Dans ce parcours autobiographique, Pascal Vandenberghe évoque aussi ses années parisiennes, lorsqu’il a collaboré aux éditions La Découverte riches en sciences humaines. Puis une dizaine d’années plus tard, le besoin de s’exiler s’est imposé, conséquence d’un profond désamour avec la France et son système monarchique peu favorable aux autodidactes. C’aurait pu être Montréal, ce fut la Suisse romande, avec la prise en main des librairies Payot. Une histoire qu’on connaît mieux, sur laquelle l’intéressé s’est souvent exprimé dans la presse.

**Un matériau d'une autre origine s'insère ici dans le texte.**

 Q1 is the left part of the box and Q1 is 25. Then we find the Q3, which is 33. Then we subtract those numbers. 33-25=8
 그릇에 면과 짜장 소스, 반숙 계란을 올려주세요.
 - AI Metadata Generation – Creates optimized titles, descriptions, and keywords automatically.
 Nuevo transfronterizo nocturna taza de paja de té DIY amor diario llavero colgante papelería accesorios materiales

Plus technique est le bref essai que Pascal Vandenberghe a souhaité placer à la suite de son parcours autobiographique, "La librairie est un sport de combat". L’auteur y livre un bilan personnel de son expérience de professionnel de la chaîne du livre, en insistant sur la complémentarité entre livres papier et livres électroniques.

Deux textes, deux genres littéraires qu’une même idée traverse: servir le livre pour s’acquitter d’une dette envers ce formidable outil d’émancipation.

Jean-Marie Félix/mh

Pascal Vandenbergue, "Le Funambule du livre" suivi de "La librairie est un sport de combat", Ed. de l’Aire.